───── The records

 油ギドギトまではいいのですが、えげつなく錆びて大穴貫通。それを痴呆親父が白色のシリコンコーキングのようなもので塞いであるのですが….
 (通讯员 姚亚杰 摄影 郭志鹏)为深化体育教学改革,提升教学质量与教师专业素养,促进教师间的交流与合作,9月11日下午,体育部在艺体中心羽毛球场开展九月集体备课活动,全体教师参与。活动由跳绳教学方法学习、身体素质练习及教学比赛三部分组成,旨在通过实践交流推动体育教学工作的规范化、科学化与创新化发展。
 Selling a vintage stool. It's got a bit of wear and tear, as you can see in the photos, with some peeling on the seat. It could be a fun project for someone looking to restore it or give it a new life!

──────────
───── The records

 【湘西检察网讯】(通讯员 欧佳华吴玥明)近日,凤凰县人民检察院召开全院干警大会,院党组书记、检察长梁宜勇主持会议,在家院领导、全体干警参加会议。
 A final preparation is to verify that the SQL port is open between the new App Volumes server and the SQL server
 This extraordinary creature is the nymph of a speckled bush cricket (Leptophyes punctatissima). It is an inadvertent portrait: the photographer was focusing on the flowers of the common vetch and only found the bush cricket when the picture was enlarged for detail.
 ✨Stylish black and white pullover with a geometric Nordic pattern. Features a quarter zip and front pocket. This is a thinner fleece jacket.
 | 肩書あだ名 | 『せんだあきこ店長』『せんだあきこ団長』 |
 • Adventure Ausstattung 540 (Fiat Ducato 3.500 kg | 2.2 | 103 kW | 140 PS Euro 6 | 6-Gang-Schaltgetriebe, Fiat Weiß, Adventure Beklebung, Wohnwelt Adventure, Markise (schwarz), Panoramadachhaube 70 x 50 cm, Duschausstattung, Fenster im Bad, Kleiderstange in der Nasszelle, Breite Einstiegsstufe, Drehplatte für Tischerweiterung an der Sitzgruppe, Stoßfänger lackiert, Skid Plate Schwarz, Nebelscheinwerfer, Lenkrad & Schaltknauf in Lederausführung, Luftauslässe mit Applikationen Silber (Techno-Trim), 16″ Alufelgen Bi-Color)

──────────
───── The records

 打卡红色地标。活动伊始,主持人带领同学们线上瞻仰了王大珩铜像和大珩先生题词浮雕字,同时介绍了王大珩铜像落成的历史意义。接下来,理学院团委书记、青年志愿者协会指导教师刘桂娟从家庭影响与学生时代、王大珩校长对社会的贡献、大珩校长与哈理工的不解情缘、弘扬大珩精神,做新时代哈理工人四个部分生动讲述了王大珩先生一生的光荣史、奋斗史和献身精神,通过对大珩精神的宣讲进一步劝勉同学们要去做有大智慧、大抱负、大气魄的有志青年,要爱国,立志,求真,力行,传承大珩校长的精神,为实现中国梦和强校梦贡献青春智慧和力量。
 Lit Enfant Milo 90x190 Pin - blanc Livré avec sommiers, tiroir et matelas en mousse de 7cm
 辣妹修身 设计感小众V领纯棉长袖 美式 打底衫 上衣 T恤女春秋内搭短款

──────────

### Your task
Only the lines above from the one with "(通讯员 姚亚杰 摄影" through the one with "Selling a vintage" should be duplicated, character for character.

### Response to the task
 (通讯员 姚亚杰 摄影 郭志鹏)为深化体育教学改革,提升教学质量与教师专业素养,促进教师间的交流与合作,9月11日下午,体育部在艺体中心羽毛球场开展九月集体备课活动,全体教师参与。活动由跳绳教学方法学习、身体素质练习及教学比赛三部分组成,旨在通过实践交流推动体育教学工作的规范化、科学化与创新化发展。
 Selling a vintage stool. It's got a bit of wear and tear, as you can see in the photos, with some peeling on the seat. It could be a fun project for someone looking to restore it or give it a new life!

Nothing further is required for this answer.